As of API 17 there is an android:textAlignment attribute. Of course, I had to find all cases where this was present and also add the corresponding gravity attribute.

Lint error message

So again, we leverage Android Studio’s find feature and find where the offending attribute is used and also add the android:gravity tag:

android:textAlignment="textEnd"
android:gravity="end"

Notice the use of end here. The end and start values for gravity were added in 14. Result.

SpannableStringBuilder

As a result of a lint inspection, there was an error with SpannableStringBuilder. I was using the append(text:CharSequence!, what: Any!, flags: Int) method and this is only available from API level 21.

As a result, I leveraged previously written Kotlin extensions to make a compatible method:

fun SpannableStringBuilder.appendCompat(text: CharSequence, what: Any, flags: Int) : SpannableStringBuilder {
    return if (Build.VERSION.SDK_INT >= Build.VERSION_CODES.LOLLIPOP)
        this.append(text,what,flags)
    else {
        append(text)
        italiciseLast(text.toString())
    }
}

fun SpannableStringBuilder.italiciseLast(value: String) : SpannableStringBuilder =
        spanLastValue(StyleSpan(Typeface.ITALIC),value)

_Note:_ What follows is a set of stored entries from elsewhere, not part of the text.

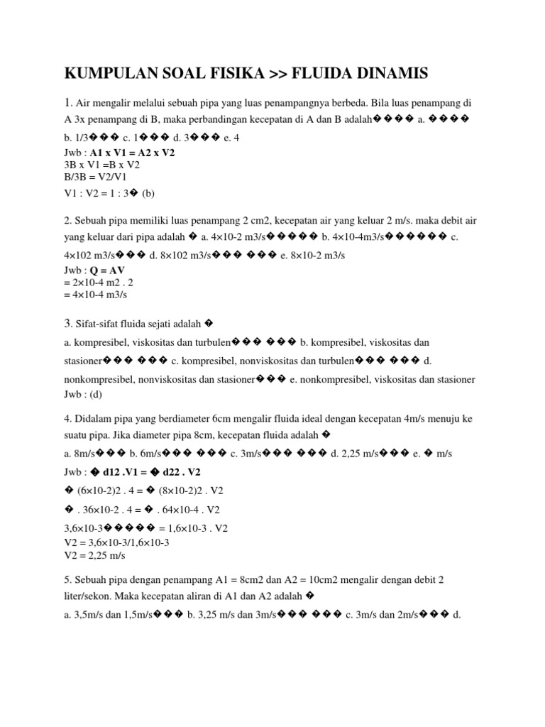 Kumpulan Soal Fisika from imgv2-2-f.scribdassets.com Di dalam video ini, ko ben akan membahas dan menjelaskan tentang soal soal yang biasanya diberikan dalam materi mengenai fluida dinamis dengan detail. 1 ahmad mengisi ember yang memiliki kapasitas 20 liter dengan air dari sebuah kran seperti. Model soal sbmptn fluida statis dan dinamis.
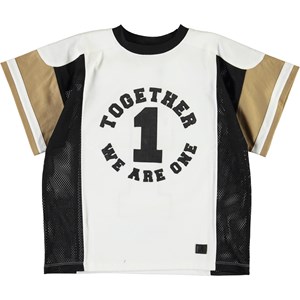 Ritter is a black and white t-shirt with sports references. Ritter has a wide, loose fit and has "Together we are 1" printed on the front.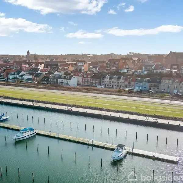 Det er på en blind vej ved havnen i Struer, at man finder dette moderne, treetagers rækkehus med carport (opføres i 2026) på modsatte side af vejen. Der er tale om et nyere ubrugt kvalitetsbyggeri, som ligger lige ud til Struer Havn med udsigt over Limfjorden og gåafstand til bymidten. 183 kvadratmeter er fordelt i boligen, hvor solide materialevalg, stilrent design og behagelige lysindfald er gennemgående. Der er installeret elevator og endelig medfølger en ugeneret tagaltan med orientering mod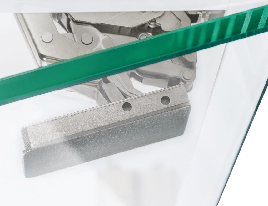 - Installation: Fastening to door by gluing of a zinc alloy adapterof the door to the hinge by sliding onto the adapter and using a camdoor to cabinet without tools (clip system)

private fun SpannableStringBuilder.spanLastValue(what: Any,value:String) : SpannableStringBuilder {
    val start = toString().lastIndexOf(value)
    setSpan(what,start, start+value.length, Spanned.SPAN_INCLUSIVE_EXCLUSIVE)
    return this
}

Activity Transitions

I started an activity so that it would animate in. However, this is only available from API 21 and above. Lint reports this as an error so it needed to be fixed. Here is the current code. The method that shows the error is makeSceneTransitionAnimation.

val options = ActivityOptions.makeSceneTransitionAnimation(activity)
                activity.startActivityForResult(MediaPickerActivity.launch(context,palette,
                        uet_lpci_comment_input.text.toString()),
                        REQUEST_CODE_EXTRA,options.toBundle())

So, I placed a conditional in there.

val intent = MediaPickerActivity.launch(context,palette,
                        uet_lpci_comment_input.text.toString())
                if (Build.VERSION.SDK_INT >= Build.VERSION_CODES.LOLLIPOP) {
                    val options = ActivityOptions.makeSceneTransitionAnimation(activity)
                    activity.startActivityForResult(intent, REQUEST_CODE_EXTRA, options.toBundle())
                } else activity.startActivityForResult(intent, REQUEST_CODE_EXTRA)

Lint

When you think you’re all done and ready, run lint. Just a quick ./gradlew lintAppDebug (or whatever your variant is) ad it will highlight any errors it may find. I did it and found a few I’d missed.

Conclusion

After what seemed initially like a daunting task, the reality was it wasn’t that difficult, just monotonous and time consuming.

Would I have catered for these older Android versions if I was to start again. No.

Up to this point, the project was aimed at 5.0 and above. The only reason I had to move backwards was because the business direction changed and resulted in a client pressure for us to support their devices.

I would much rather have a clean codebase than clutter it up with unnecessary compatibility code.